## WHAT YOU NEED TO DO:
Only the lines from the one containing "安卓Q 可二次 7传说125英雄162皮肤" through the end of the data are wanted, reproduced exactly and without pictures.

## RECORD EXTRACTS:
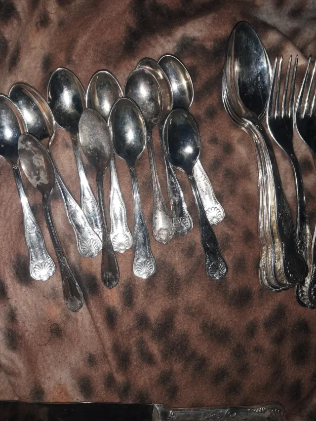 Dettagli del prodottoElegante set di posate in argento, perfetto per occasioni speciali o per arricchire la tua tavola.
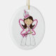 Lightweight, smooth, pure white ornament with nice sheen. Perfect size to be seen from across the room ... and to attract closer inspection! Price was great for ordering enough for the whole family! Clear, bold black design just as requested. Matches the order exactly. Just so nice!
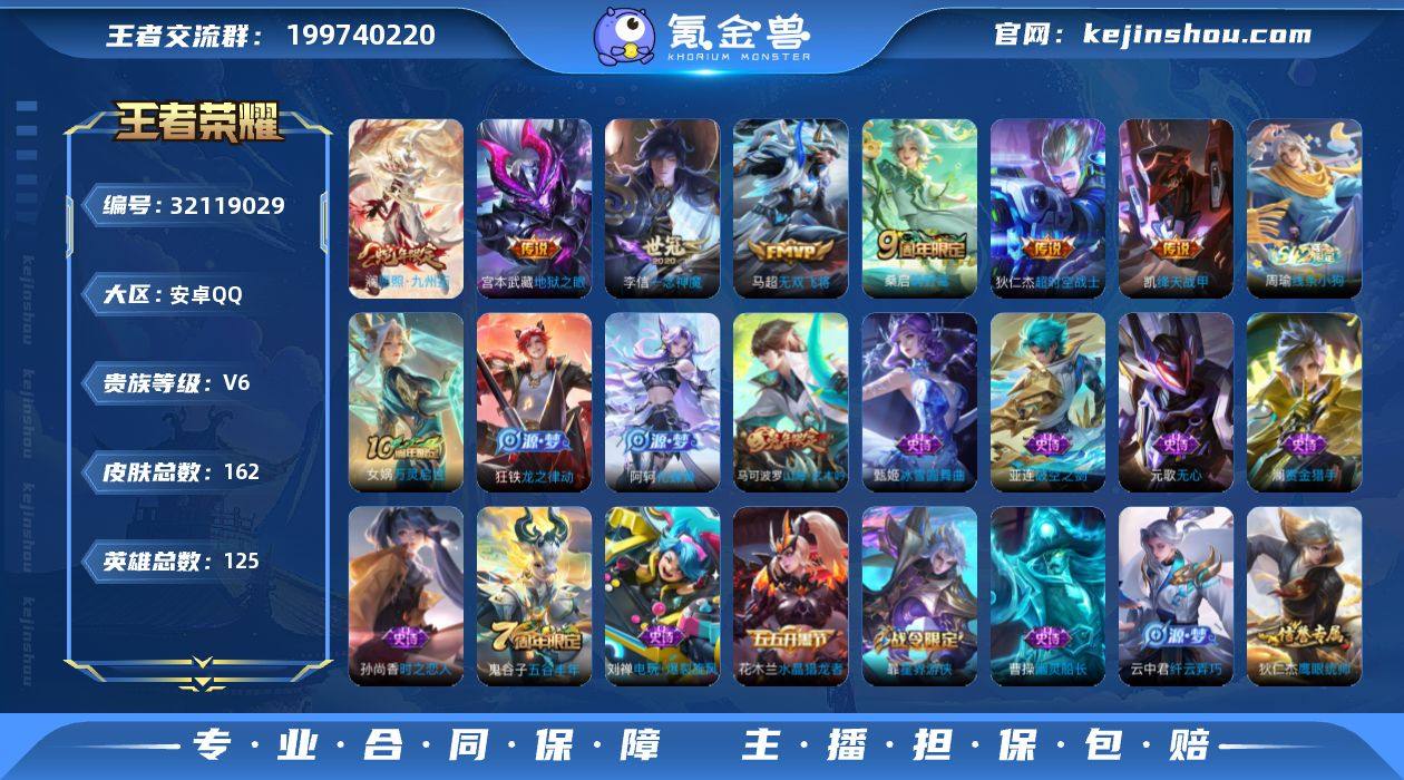 安卓Q 可二次 7传说125英雄162皮肤 愿照九州拓 鸣野蒿 无双飞将 绛天战甲 一念神魔 地狱之眼 超时空战士 王者荣耀账号
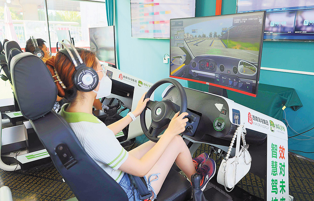 8月9日,在位于沙坪壩區的西南駕培集團鼎吉駕校智能駕駛體驗中心,學員們在AI智能模擬機上進行科目二訓練。
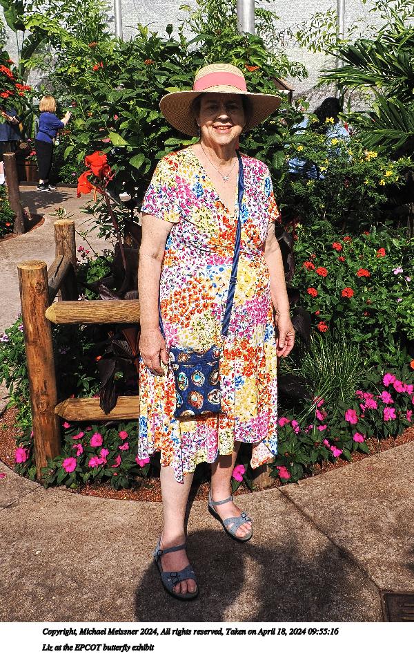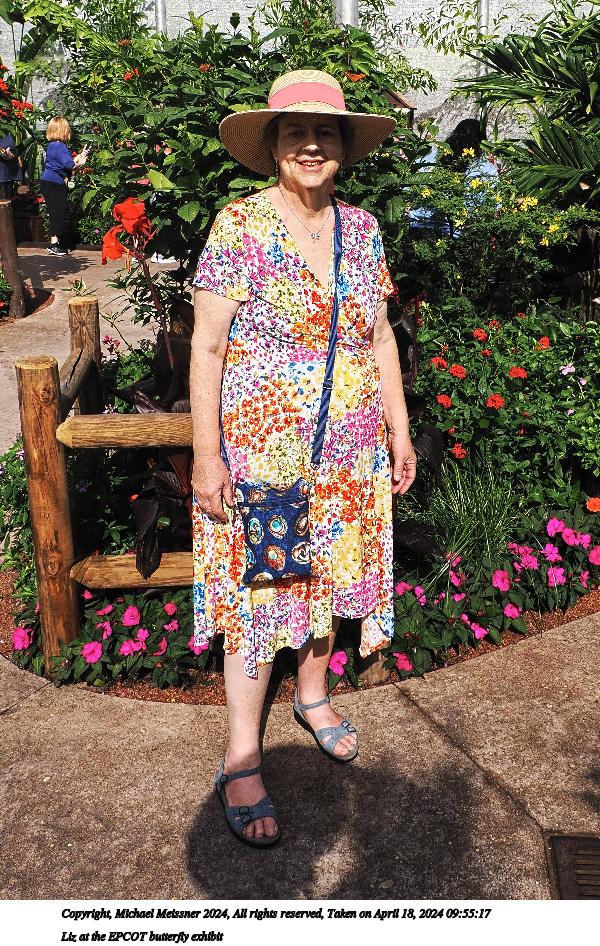 Picture #1: Liz at the EPCOT butterfly exhibit Thumb: 267x400, 63,312 bytes (62K) Small: 600x946, 255,955 bytes (250K), (html file) Copyright, Michael Meissner 2024, All rights reserved OM OM1 camera with Olympus-m43 12-200mm f/3.5-6.3 lens f/8.0, ISO 200, 1/320 sec, 12.0mm, auto mode, vivid color, matrix metering, bias -0.3, continous focus, IS Auto 35mm equivalent focal length 24.0mm Programs used: crop, gimp, raw therapee, rotate left Taken by Michael Meissner on April 18, 2024 09:55:15 Last modified on April 29, 2024 at 21:04 This picture is one of my favorites. |

## RESPONSE TO THE TASK:
 安卓Q 可二次 7传说125英雄162皮肤 愿照九州拓 鸣野蒿 无双飞将 绛天战甲 一念神魔 地狱之眼 超时空战士 王者荣耀账号
 8月9日,在位于沙坪壩區的西南駕培集團鼎吉駕校智能駕駛體驗中心,學員們在AI智能模擬機上進行科目二訓練。
 Picture #1: Liz at the EPCOT butterfly exhibit Thumb: 267x400, 63,312 bytes (62K) Small: 600x946, 255,955 bytes (250K), (html file) Copyright, Michael Meissner 2024, All rights reserved OM OM1 camera with Olympus-m43 12-200mm f/3.5-6.3 lens f/8.0, ISO 200, 1/320 sec, 12.0mm, auto mode, vivid color, matrix metering, bias -0.3, continous focus, IS Auto 35mm equivalent focal length 24.0mm Programs used: crop, gimp, raw therapee, rotate left Taken by Michael Meissner on April 18, 2024 09:55:15 Last modified on April 29, 2024 at 21:04 This picture is one of my favorites. |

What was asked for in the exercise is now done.